After graduation, Doyle moved to Stanford University, where he took a research position in Computer Science under John McCarthy working on foundational issues in nonmonotonic and introspective reasoning. In 1981 he moved to a research position in the Computer Science department at Carnegie-Mellon University, where he worked on the mathematical and economical foundations of artificial intelligence and developed his theories of reasoned assumptions, rational self-government, and mechanical interpretation of psychology and economics. In 1988 Doyle moved back to MIT to serve as Principal Research Scientist in the Laboratory for Computer Science Clinical Decision Making group, where he worked on distributed reasoning and agent technology, qualitative decision theory, representation of preference information, theories of limited rationality, mechanical theories of psychology, and economic theories of reasoning and planning.
Doyle moved to North Carolina State University in 2001 to serve as SAS Institute Distinguished Professor of Computer Science. His research there concerns qualitative decision theory and the representation of preference information, the structure and interpretation of rational reasoning and behavior, and mechanical theories of psychology and economics.
Doyle has published one book (Extending Mechanics to Minds: The Mechanical Foundations of Psychology and Economics, Cambridge University Press, 2006), over eighty technical papers, and has edited four books and journal issues. Numerous of his articles have been reprinted in collections, some more than once, including translations into Japanese and Russian. He has served as principal investigator and key participant in several funded efforts on distributed planning, knowledge-based monitoring, computer security, patient protection and empowerment, and autonomous negotiation. He has advised and co-advised numerous undergraduate and graduate students.
AAAI elected Doyle to the rank of Fellow in 1991 for ``fundamental contributions to the fields of nonmonotonic reasoning, truth maintenance, metareasoning, and the philosophical foundations of artificial intelligence''. Doyle won elections to serve as chair of ACM SIGART for 1989-1991 and as a member of the AAAI Executive Council for the 1996-1999 term. Doyle presented invited addresses at AAAI's 1990 national conference and at several international conferences.

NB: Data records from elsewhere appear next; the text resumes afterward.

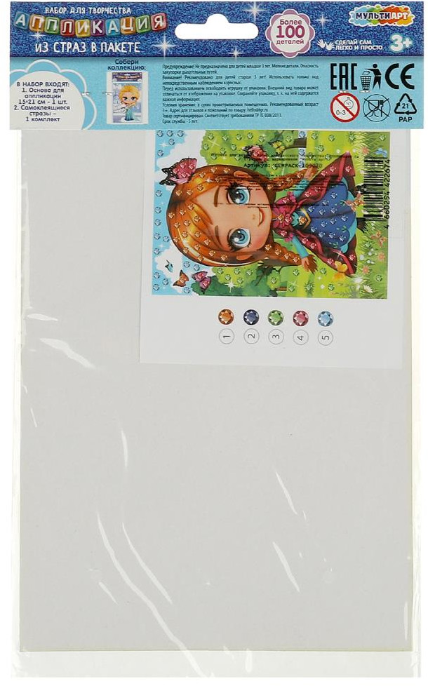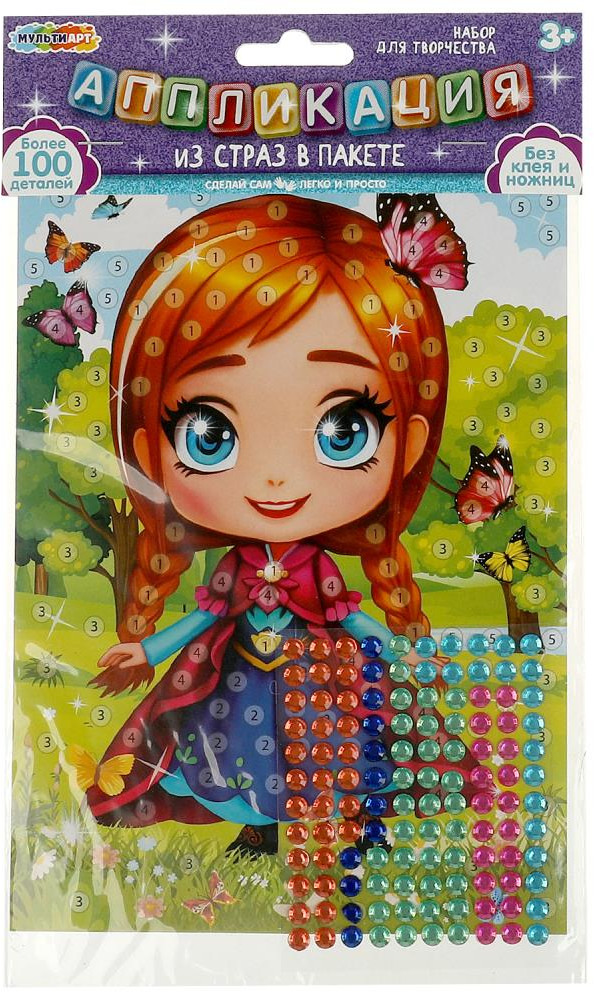 Набор для творчества - аппликация из страз «Принцесса» ТМ «Мульти Арт» - отличный подарок для ребёнка, который будет способствовать развитию его творческих способностей.С помощью красочной основы и разноцветных сверкающих страз маленькая художница сможет самостоятельно создать блестящую картинку с изображением очаровательной принцессы. Готовую поделку можно подарить близким или использовать для украшения интерьера. |
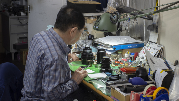 レンズのメンテナンスで活躍中のベテラン職人さん
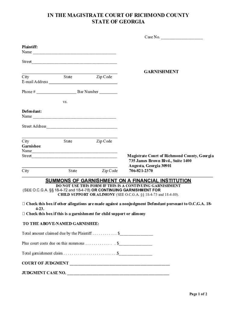 IN THE MAGISTRATE COURT OF RICHMOND COUNTY STATE OF GEORGIA Case No. ___ Plaintiff: Name ___ Street___ City Email AddressStatePhone #Zip CodeGARNISHMENTBar Number vs. Defendant: Name ___ Street Address___
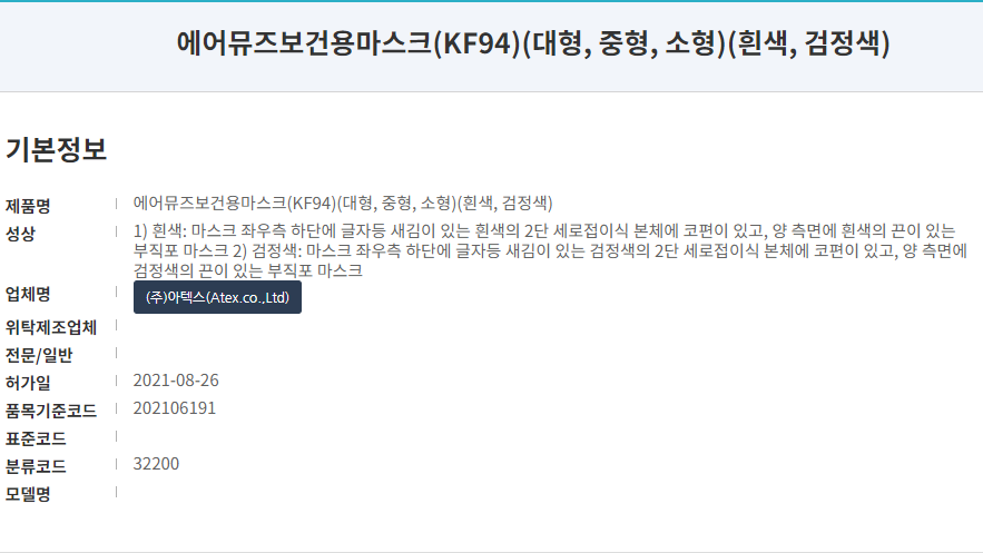 식약처에 등록된 제품명칭은 '에어뮤즈 보건용마스크 KF94'입니다. 사이즈는 대형, 중형, 소형이 등록되어 있으며, 마스크 컬러는 화이트와 블랙 색상이 있습니다. 작년인 21년 8월 허가된 마스크로 제조원은 '주식회사 아텍스'로 등록되어 있습니다. '에어뮤즈'라는 브랜드로 보건용마스크와 공산품 컬러마스크를 생산하고 있습니다.
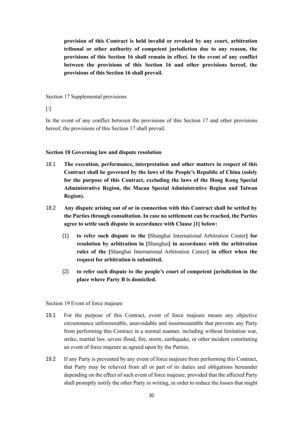 30 provision of this Contract is held invalid or revoked by any court, arbitration tribunal or other authority of competent jurisdiction due to any reason, the provisions of this Section 16 shall remain in effect. In the event of any conflict between the provisions of this Section 16 and other provisions hereof, the provisions of this Section 16 shall prevail. Section 17 Supplemental provisions [/] In the event of any conflict between the provisions of this Section 17 and other provisions hereof, the provisions of this Section 17 shall prevail. Section 18 Governing law and dispute resolution 18.1 The execution, performance, interpretation and other matters in respect of this Contract shall be governed by the laws of the People’s Republic of China (solely for the purpose of this Contract, excluding the laws of the Hong Kong Special Administrative Region, the Macau Special Administrative Region and Taiwan Region). 18.2 Any dispute arising out of or in connection with this Contract shall be settled by the Parties through consultation. In case no settlement can be reached, the Parties agree to settle such dispute in accordance with Clause [1] below: (1) to refer such dispute to the [Shanghai International Arbitration Center] for resolution by arbitration in [Shanghai] in accordance with the arbitration rules of the [Shanghai International Arbitration Center] in effect when the request for arbitration is submitted. (2) to refer such dispute to the people’s court of competent jurisdiction in the place where Party B is domiciled. Section 19 Event of force majeure 19.1 For the purpose of this Contract, event of force majeure means any objective circumstance unforeseeable, unavoidable and insurmountable that prevents any Party from performing this Contract in a normal manner, including without limitation war, strike, martial law, severe flood, fire, storm, earthquake, or other incident constituting an event of force majeure as agreed upon by the Parties. 19.2 If any Party is prevented by any event of force majeure from performing this Contract, that Party may be relieved from all or part of its duties and obligations hereunder depending on the effect of such event of force majeure, provided that the affected Party shall promptly notify the other Party in writing, in order to reduce the losses that might

He served as a director of Principles of Knowledge Representation and Reasoning Inc., as an associate editor of Computational Intelligence, the Journal of Logic, Language and Information, AI Communications, ACM Computing Surveys, as the president of the Knowledge Representation and Reasoning conferences (program co-chair of KR'94 and conference chair of KR'96), as associate editor and member of the Advisory Board of the Journal of Artificial Intelligence Research, and as the co-organizer of the 1996 ACM/CRA Workshop on Strategic Directions in Computing Research, as well as the co-chair of the artificial intelligence report committee of that workshop.
Doyle lives with his wife and children in the Raleigh area, where he pursues interests in nature, history, and musical composition.